Motherhood in the Digital Age: Navigating Screen Time and Doomscrolling


Motherhood in the digital age is complex. Many moms struggle with their own screen time while simultaneously trying to manage their children's use of screens. Between social media, 24/7 news cycles, endless notifications, and the highly addictive habit of doomscrolling, it’s never been easier to feel overstimulated, distracted, and disconnected from ourselves and from the people we care most about.


If you want to learn how to stop doomscrolling and create healthier boundaries with screens and social media, you are in the right place. As a therapist and coach who supports moms, I see firsthand how social media and excessive screen time impact maternal mental health and emotional well-being, children's behavior, and relationships. And I’ve lived it too.


This Isn’t About Shame. It’s About Awareness.


Because when it comes to reducing scrolling and breaking the doomscrolling habit, self-awareness is the first and most powerful step.


how to stop doomscrolling before bed
A mom scrolling her phone before bed.

The Hidden Impact of Social Media on Moms’ Mental Health


Let’s name what’s happening. When you’re scrolling Instagram or Facebook late at night, reading the news first thing in the morning, or checking your phone in every in-between moment (checkout lines, waiting for food, sitting in the carpool line), your nervous system is constantly being bombarded and stimulated.


You’re consuming:

  • Other people’s highlight reels

  • Parenting opinions and “shoulds”

  • World crises and alarming headlines

  • Graphic images and videos

  • Curated bodies, homes, routines, vacations, relationships


It’s the perfect recipe for:

  • The comparison trap

  • Feeling like you are not enough

  • Maternal guilt

  • Anxiety and chronic stress

  • Nervous system dysregulation

  • Mental fatigue

  • Scattered attention


Moms are often at their lowest when they're looking at someone else’s highlight reel. While social media can offer connection and inspiration, for many moms it quietly becomes toxic to their mental health—especially when it turns into mindless scrolling or doomscrolling.


Why Are You Reaching for Your Phone? (The Self-Awareness Step)


Before you try to reduce screen time, pause and ask:

  • When and why am I grabbing my phone or going on social media?

  • How am I feeling right before I pick up my phone?

  • What need or desire am I trying to meet?


I have found that most of the time, it’s one of these:


1. Boredom


Those tiny in-between moments feel uncomfortable.
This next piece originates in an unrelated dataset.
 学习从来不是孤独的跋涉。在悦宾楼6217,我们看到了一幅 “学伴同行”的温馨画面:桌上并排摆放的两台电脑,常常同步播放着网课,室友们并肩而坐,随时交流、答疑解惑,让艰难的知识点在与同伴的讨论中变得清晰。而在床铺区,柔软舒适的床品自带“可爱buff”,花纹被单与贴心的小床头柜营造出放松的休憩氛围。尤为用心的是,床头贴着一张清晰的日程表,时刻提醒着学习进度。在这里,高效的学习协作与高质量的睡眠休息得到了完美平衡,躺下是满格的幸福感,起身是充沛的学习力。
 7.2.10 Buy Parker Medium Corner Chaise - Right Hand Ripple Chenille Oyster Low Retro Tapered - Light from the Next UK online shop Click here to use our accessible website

As a society, we’ve lost our tolerance for boredom and moments when we are not stimulated by some type of input.


2. Numbing or Distracting


You don’t want to sit with your thoughts or feel the anger, loneliness, resentment, or anxiety. So you scroll.


3. Seeking Connection


You are craving connection and want to feel more connected and less alone in motherhood.


4. Trying to Relax


Kids are finally in bed. You sit down and scroll to decompress.
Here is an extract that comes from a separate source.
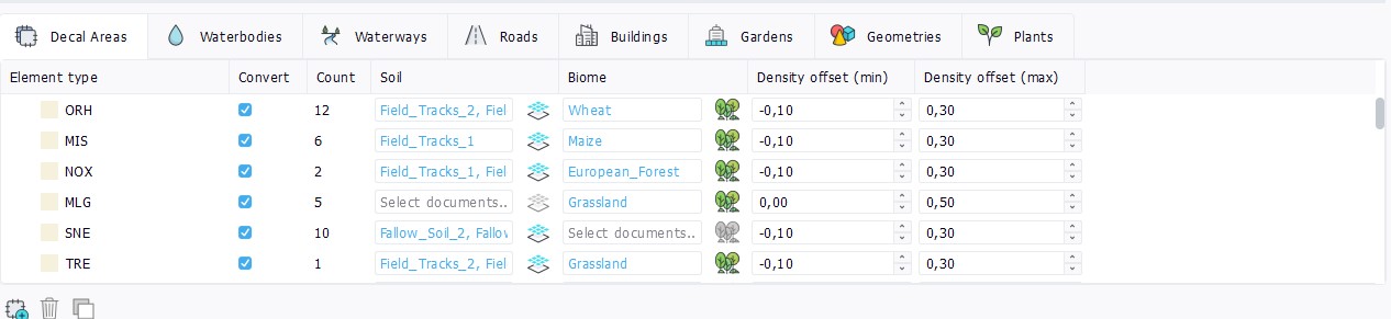 - Biome : One or several Biome document(s) to apply in the decal area of this blueprint category.
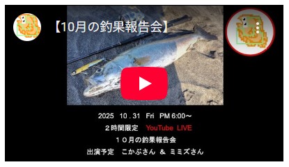 10月は何を釣ったか、月末に釣果報告会として釣ったお魚を頂きながらYouTubeライブにて生配信しました!

You wouldn't grab your phone if it didn't satisfy a need or desire in some way. The hard truth? While it may feel good, satisfying, or relaxing in the moment (hello, dopamine hit), excessive screen time doesn’t actually regulate your nervous system. It often keeps you in a subtle state of fight-or-flight or freeze. True rest requires shifting into the parasympathetic “rest and digest” state. Doomscrolling doesn’t get you there.
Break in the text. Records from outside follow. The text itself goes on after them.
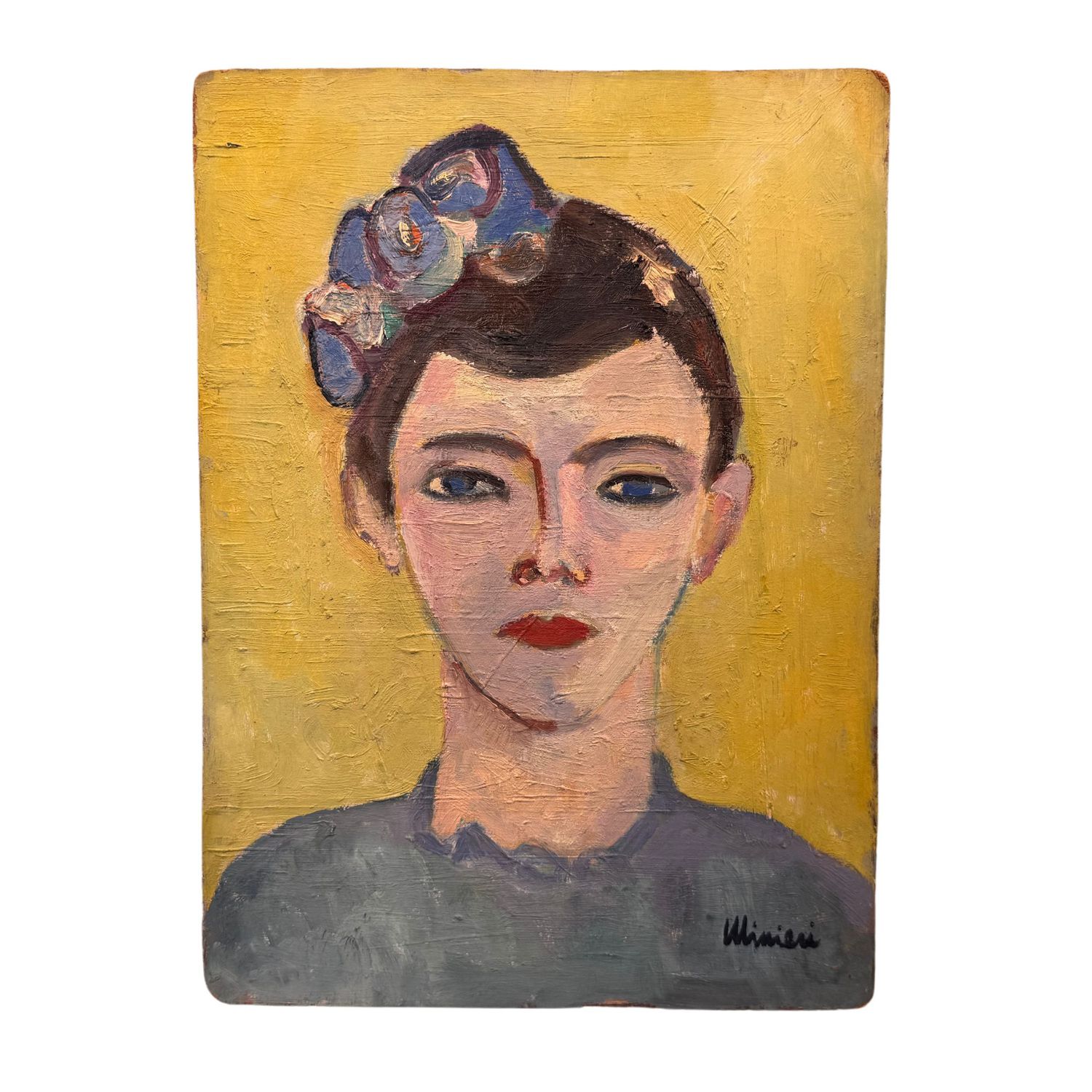 Dipinto olio su pannello, periodo XX secolo scuola Italiana, raffigurante Ritratto di giovane donna.
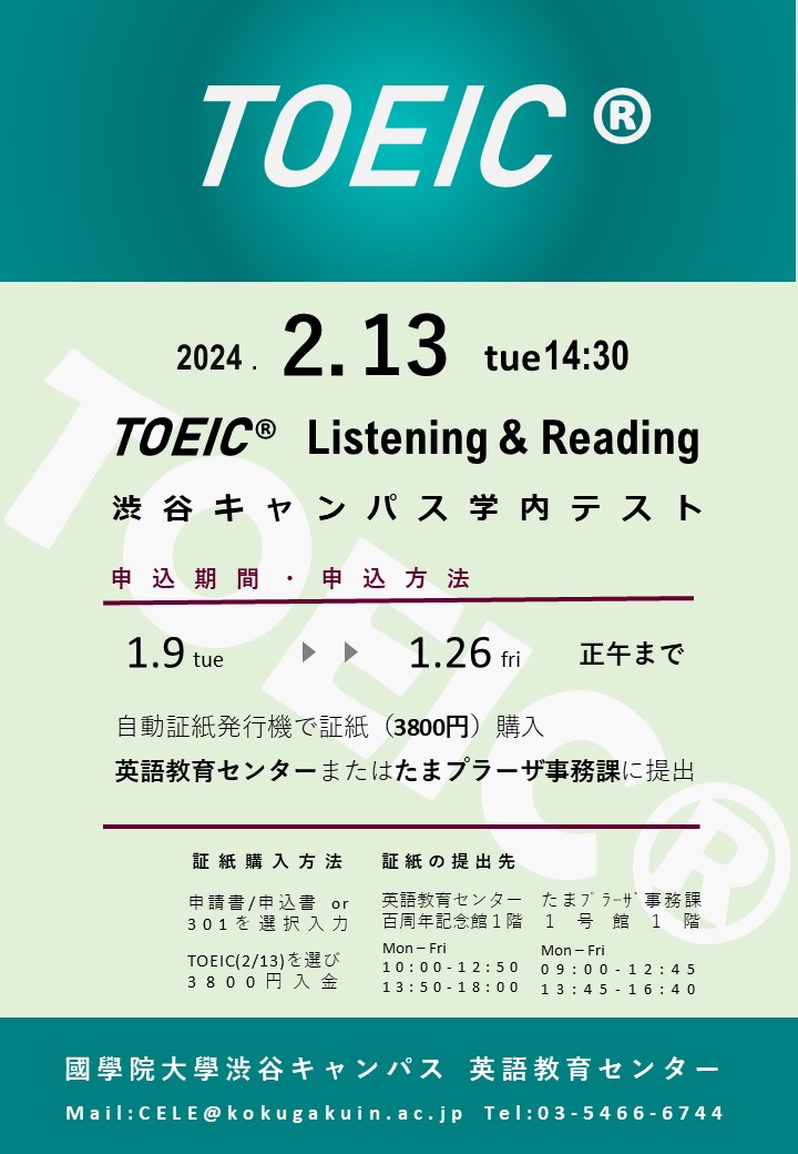 英語教育センターでは、令和6年2月13日(火)に第6回 TOEIC(R) L&R学内テスト(TOEIC IP)を実施いたします。
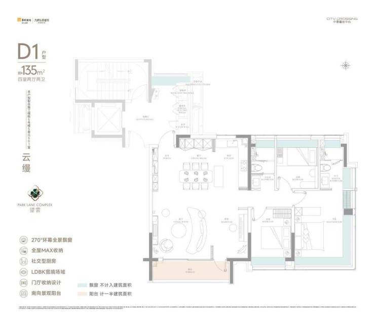 值得一提的是,建面约135㎡户型的实际使用率相当可观,据相关机构测算使用率高达约91%!
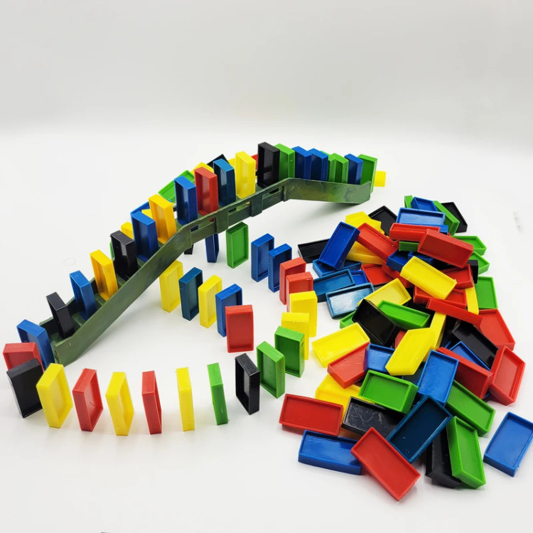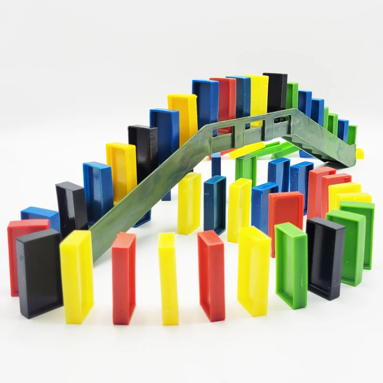 بازی دومینو متشکل از مهره های مستطیل شکل می باشد که از کنار هم قرار گرفتن این مهره ها می توان اشکال و تصاویر جذابی به وجود آورد و با وارد کردن ضربه به اولین مهره، حرکت دومینو آغاز و حاصل خلاقیت فرد با ریختن مهره ها مشخص شده و لذت زیادی برای فرد و بازدیدکنندگان آن ایجاد می نماید. مهره های دومینو را می توان به حروف الفبا تشبیه کرد و همان طور که می توانیم با حروف الفبا بی شمار کلمه و جمله بسازیم، با مهره های دومینو هم می توان بی شمار طرح پیاده کرد که این خصوصیت باعث رشد خلاقیت افراد و عدم خستگی آنها از این سرگرمی می شود.
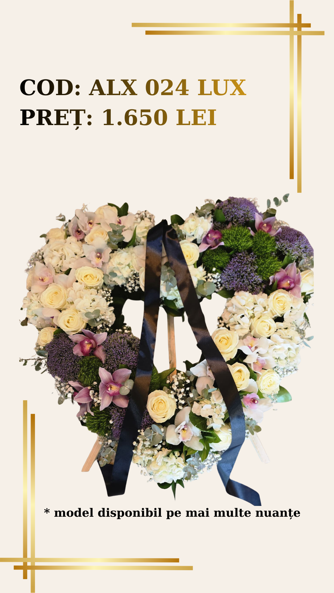 Aranjamentele florale, precum Inima Funerara ALX 024 – Lux Trandafiri Albi cu Orhidee Mov, sunt realizate cu empatie și profesionalism, având ca scop aducerea unui omagiu demn celor care ne-au părăsit. Livrarea se face la locația dorită, în București și Ilfov, asigurându-ne că suntem alături de dumneavoastră în fiecare pas al acestei perioade sensibile.

How to Stop Doomscrolling and Alternative Ways to Cope and Meet Your Needs


Once you know why you’re scrolling, you can replace the habit in a way that supports your mental and emotional well-being.


If You’re Seeking Connection:


  • Text or call a friend directly.

  • Make plans and put them on the calendar.

  • Sit and talk with your partner after the kids go down.

  • Join an in-person community or mom group.


Even anticipating a planned social outing and meaningful connection can satisfy your craving for connection.


If You’re Bored:


Practice sitting with boredom. In the checkout line. Waiting for the waitress. Standing in the kitchen waiting for the coffee to brew. Boredom isn’t dangerous. It can feel uncomfortable, but in that space, creativity and clarity return. Notice the urge to reach for your phone. Pause. Breathe. Let yourself just be. Use your five senses to engage with the present moment. Identify 5 things you see, 4 things you hear, 3 things you feel, 2 things you smell, and 1 thing you taste.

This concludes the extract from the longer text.